▶ _Task requirements_
Under this line are records; the part from the line containing "⑥ Предназначен для" through the line containing "never use Steam." should be repeated exactly. Please exclude pictures.
━━━ Record extracts ━━━
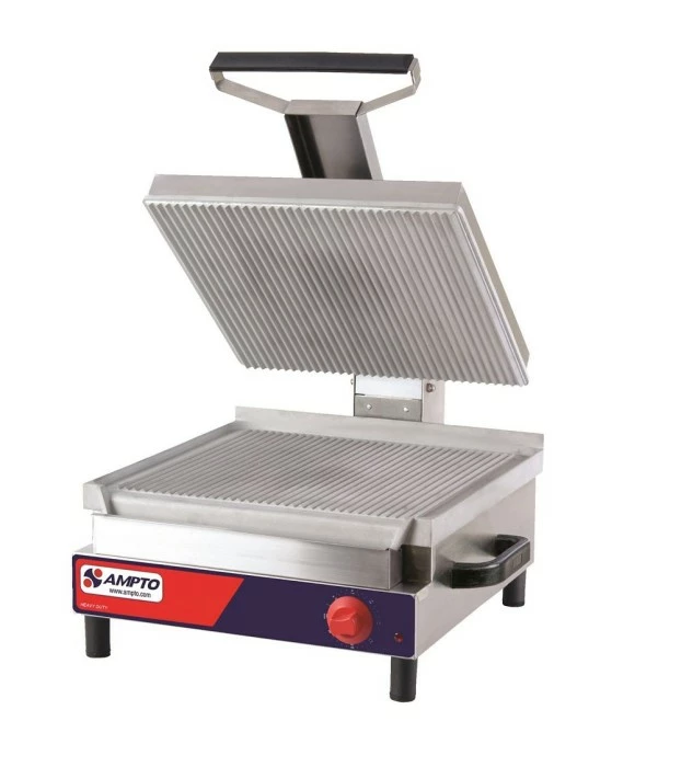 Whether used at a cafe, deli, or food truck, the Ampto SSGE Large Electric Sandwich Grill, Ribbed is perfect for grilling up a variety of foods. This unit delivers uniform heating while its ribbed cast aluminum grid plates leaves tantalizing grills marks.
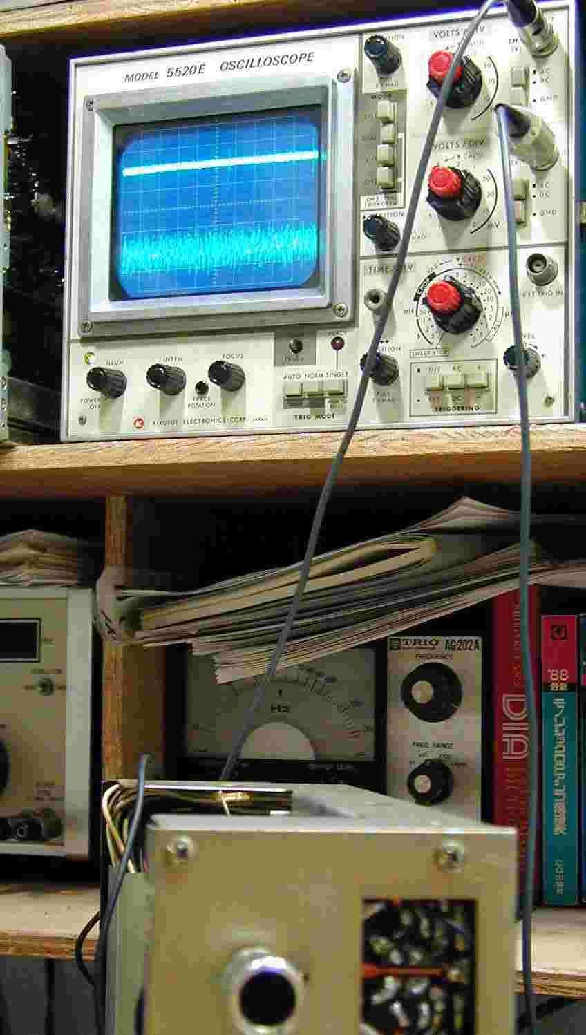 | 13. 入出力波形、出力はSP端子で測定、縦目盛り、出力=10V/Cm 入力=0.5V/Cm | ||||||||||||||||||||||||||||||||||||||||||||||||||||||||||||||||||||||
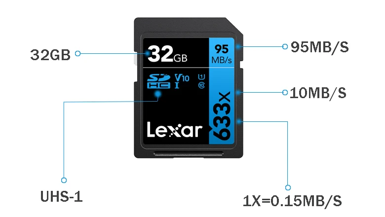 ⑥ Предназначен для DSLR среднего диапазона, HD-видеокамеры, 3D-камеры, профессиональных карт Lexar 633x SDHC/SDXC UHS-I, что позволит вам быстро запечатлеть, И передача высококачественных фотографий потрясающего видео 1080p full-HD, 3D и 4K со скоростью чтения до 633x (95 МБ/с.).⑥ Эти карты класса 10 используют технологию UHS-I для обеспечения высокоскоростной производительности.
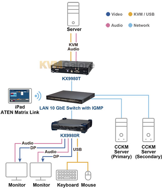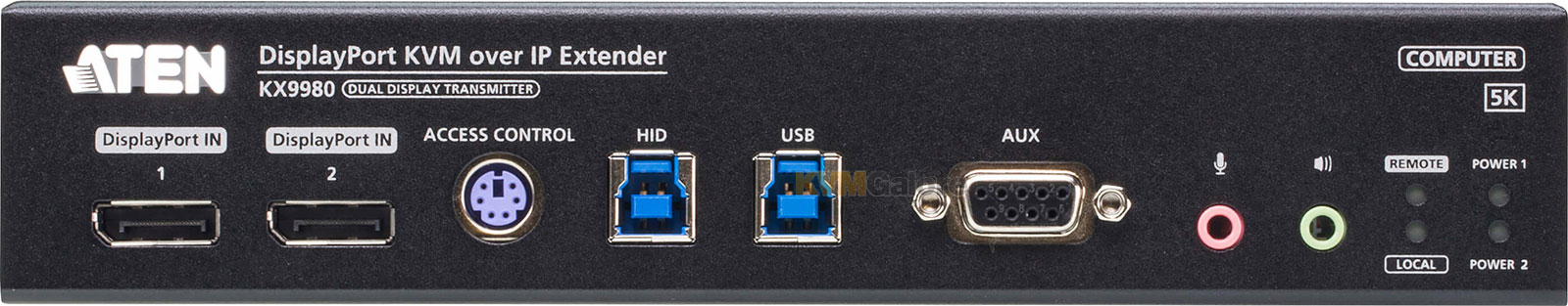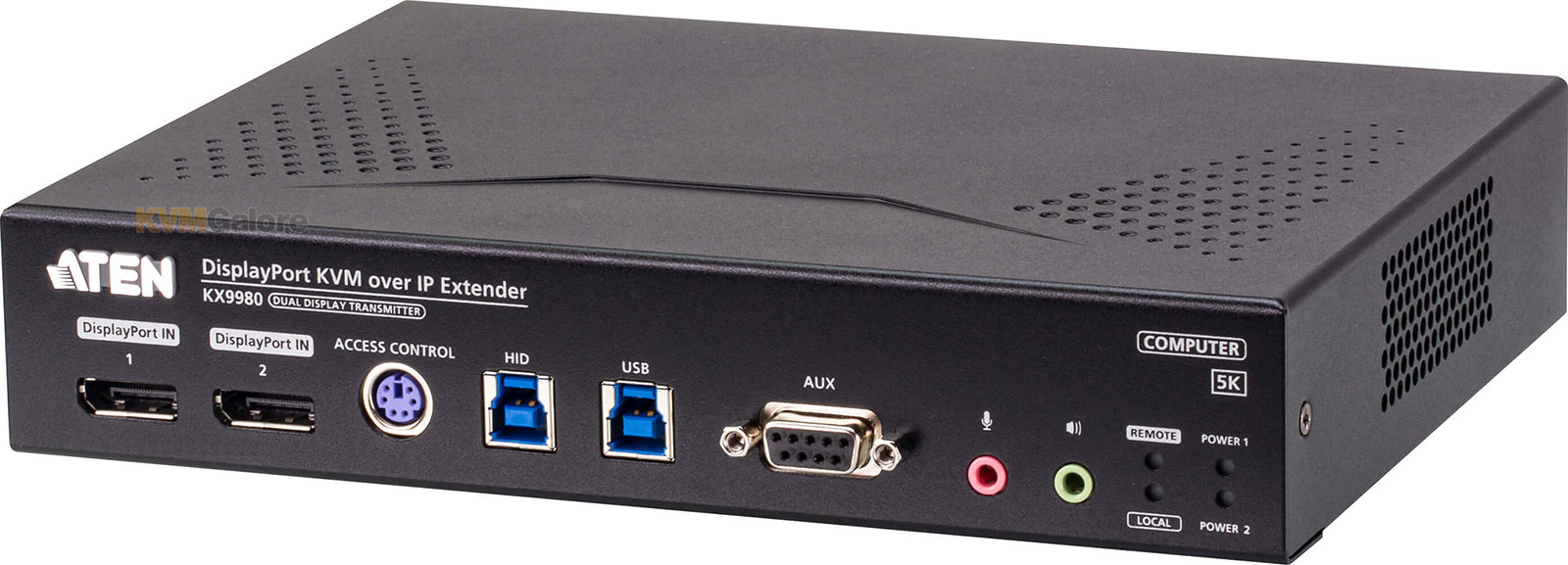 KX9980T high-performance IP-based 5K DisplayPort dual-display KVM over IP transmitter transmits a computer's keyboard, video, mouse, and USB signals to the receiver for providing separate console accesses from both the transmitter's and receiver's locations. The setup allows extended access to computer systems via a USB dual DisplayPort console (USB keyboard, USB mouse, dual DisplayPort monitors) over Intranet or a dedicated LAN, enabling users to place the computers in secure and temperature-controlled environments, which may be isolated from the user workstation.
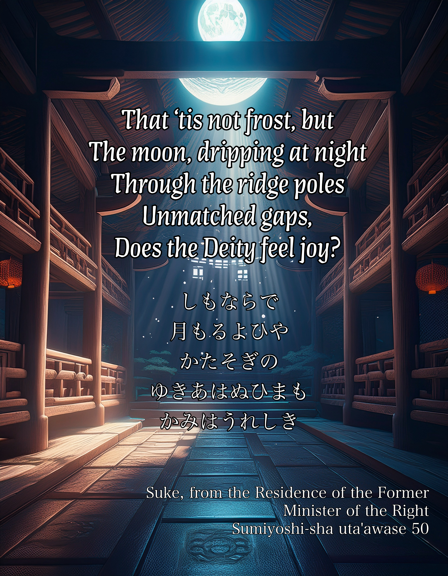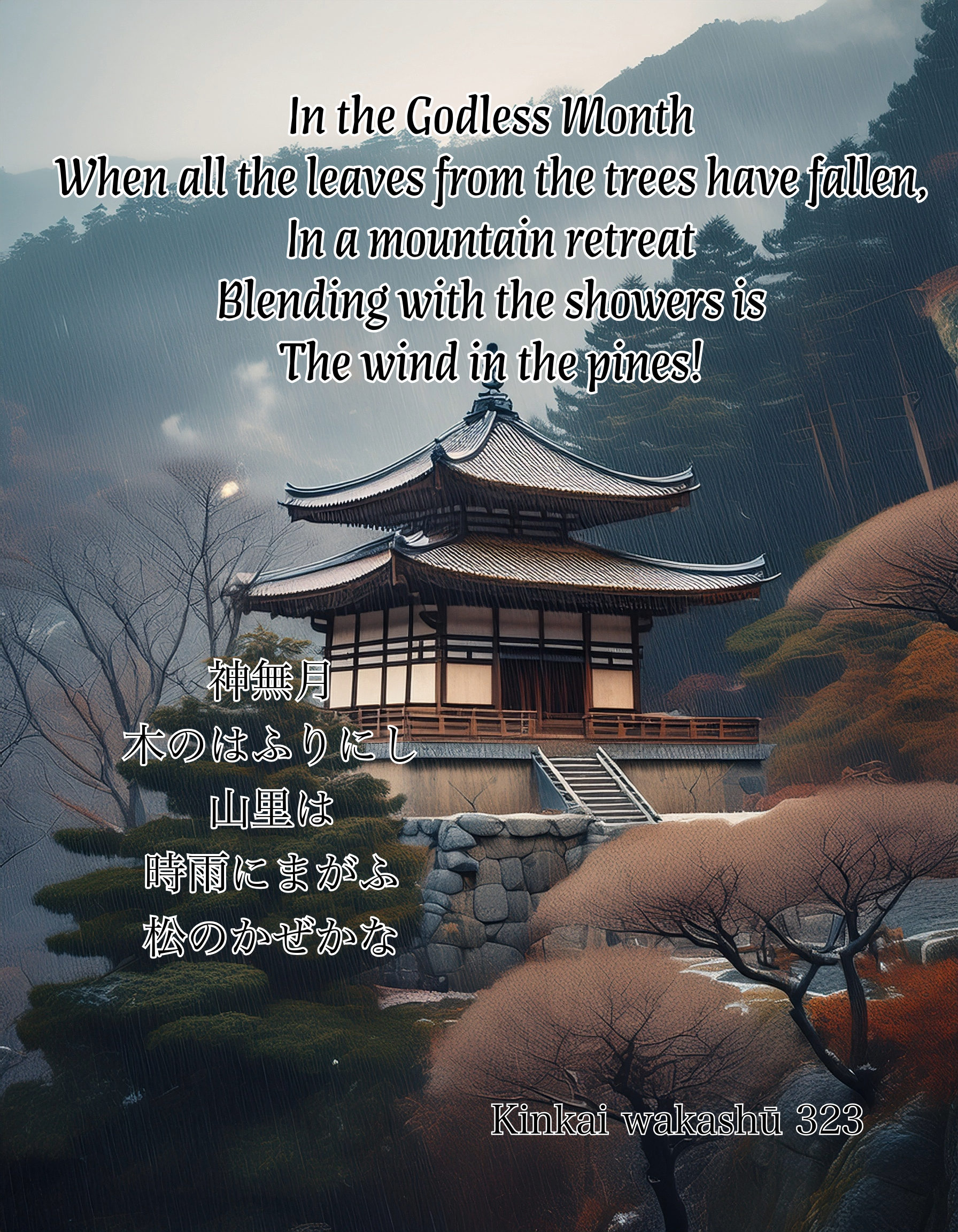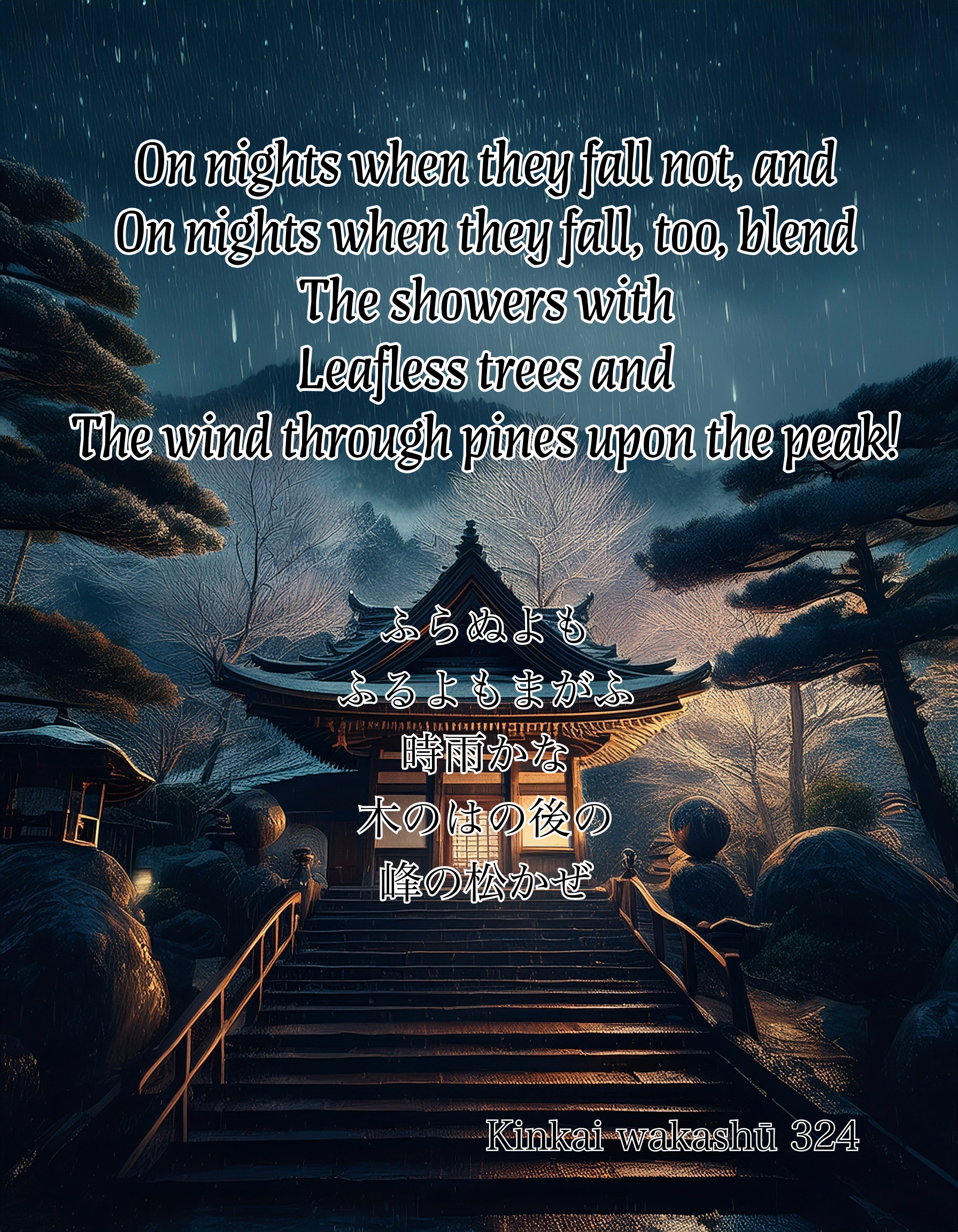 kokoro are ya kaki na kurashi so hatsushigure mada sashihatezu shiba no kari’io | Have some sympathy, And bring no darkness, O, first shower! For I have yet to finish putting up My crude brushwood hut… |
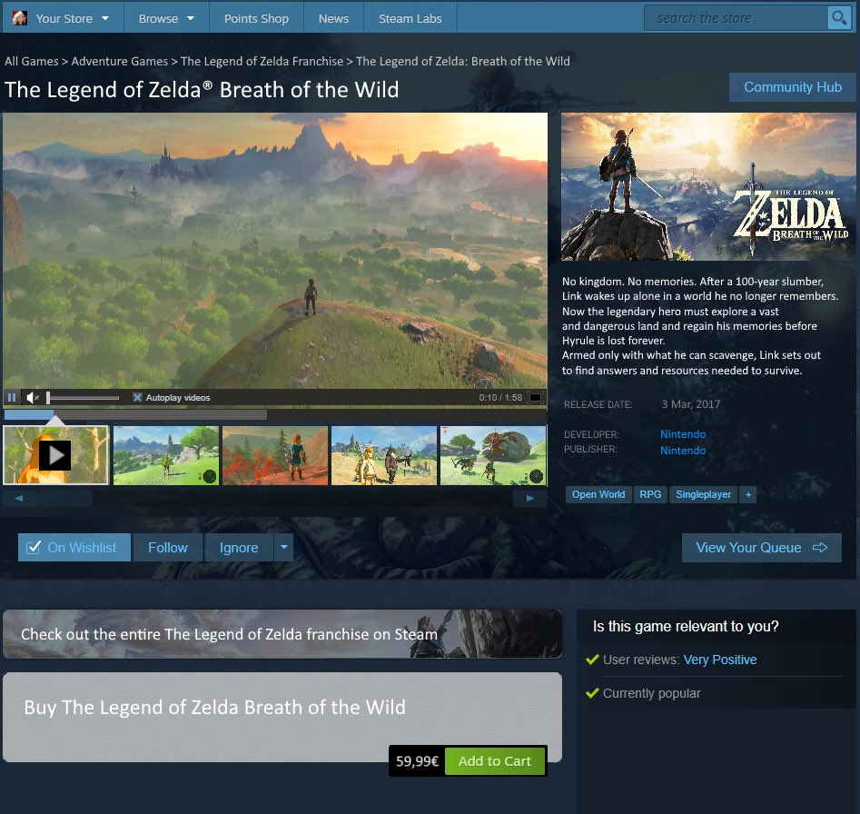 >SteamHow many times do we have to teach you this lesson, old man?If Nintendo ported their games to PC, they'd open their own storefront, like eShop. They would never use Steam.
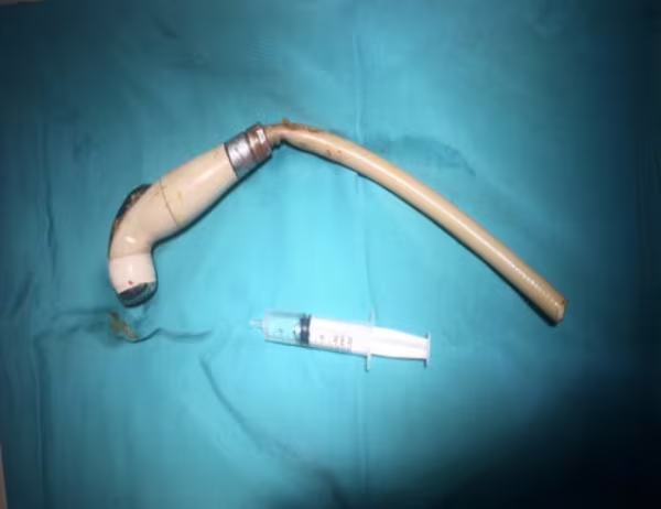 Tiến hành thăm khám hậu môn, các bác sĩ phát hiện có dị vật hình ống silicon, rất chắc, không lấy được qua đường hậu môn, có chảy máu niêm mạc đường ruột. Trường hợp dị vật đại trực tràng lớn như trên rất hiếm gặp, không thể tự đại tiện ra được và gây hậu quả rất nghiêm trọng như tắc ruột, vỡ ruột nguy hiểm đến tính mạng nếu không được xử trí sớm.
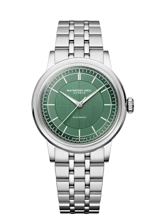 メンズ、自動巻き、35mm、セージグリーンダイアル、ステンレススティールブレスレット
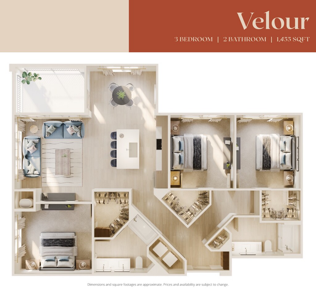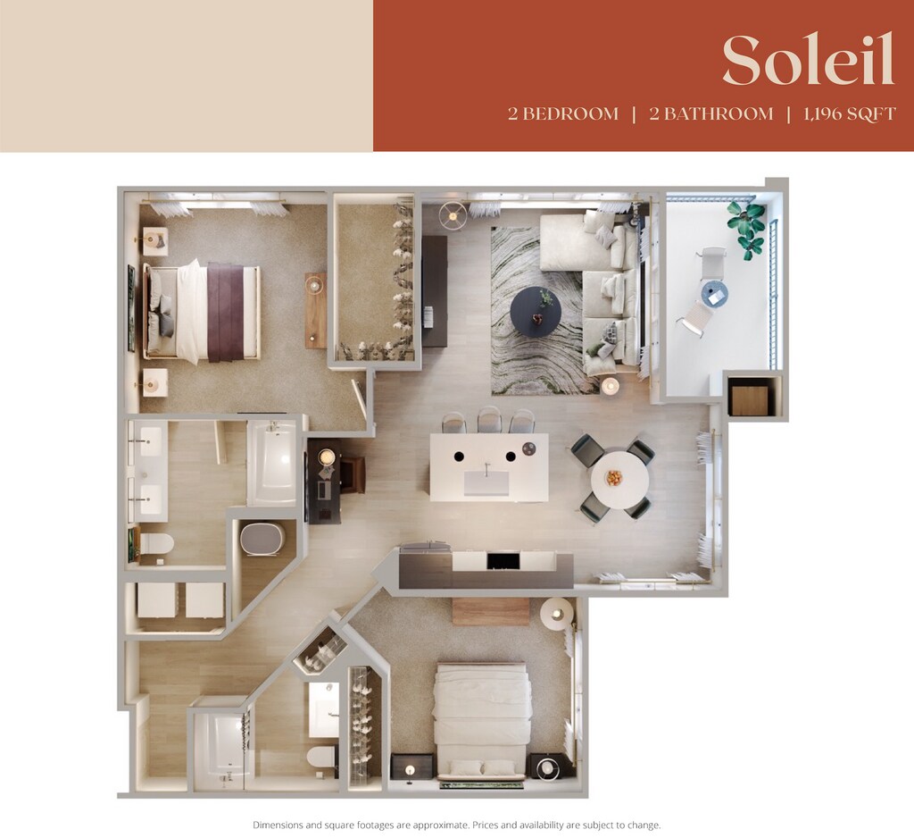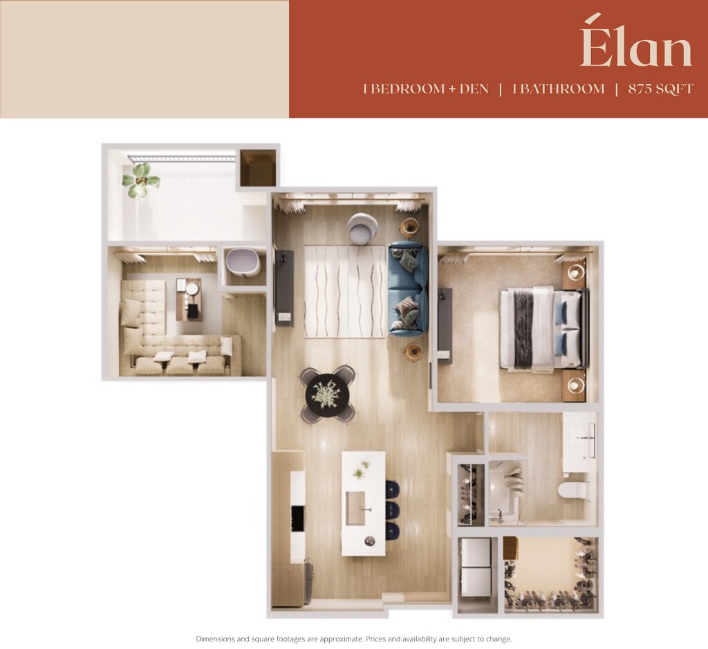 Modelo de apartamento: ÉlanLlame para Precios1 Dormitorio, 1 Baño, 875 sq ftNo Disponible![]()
━━━
▶ _Task response_
 ⑥ Предназначен для DSLR среднего диапазона, HD-видеокамеры, 3D-камеры, профессиональных карт Lexar 633x SDHC/SDXC UHS-I, что позволит вам быстро запечатлеть, И передача высококачественных фотографий потрясающего видео 1080p full-HD, 3D и 4K со скоростью чтения до 633x (95 МБ/с.).⑥ Эти карты класса 10 используют технологию UHS-I для обеспечения высокоскоростной производительности.
 KX9980T high-performance IP-based 5K DisplayPort dual-display KVM over IP transmitter transmits a computer's keyboard, video, mouse, and USB signals to the receiver for providing separate console accesses from both the transmitter's and receiver's locations. The setup allows extended access to computer systems via a USB dual DisplayPort console (USB keyboard, USB mouse, dual DisplayPort monitors) over Intranet or a dedicated LAN, enabling users to place the computers in secure and temperature-controlled environments, which may be isolated from the user workstation.
 kokoro are ya kaki na kurashi so hatsushigure mada sashihatezu shiba no kari’io | Have some sympathy, And bring no darkness, O, first shower! For I have yet to finish putting up My crude brushwood hut… |
 >SteamHow many times do we have to teach you this lesson, old man?If Nintendo ported their games to PC, they'd open their own storefront, like eShop. They would never use Steam.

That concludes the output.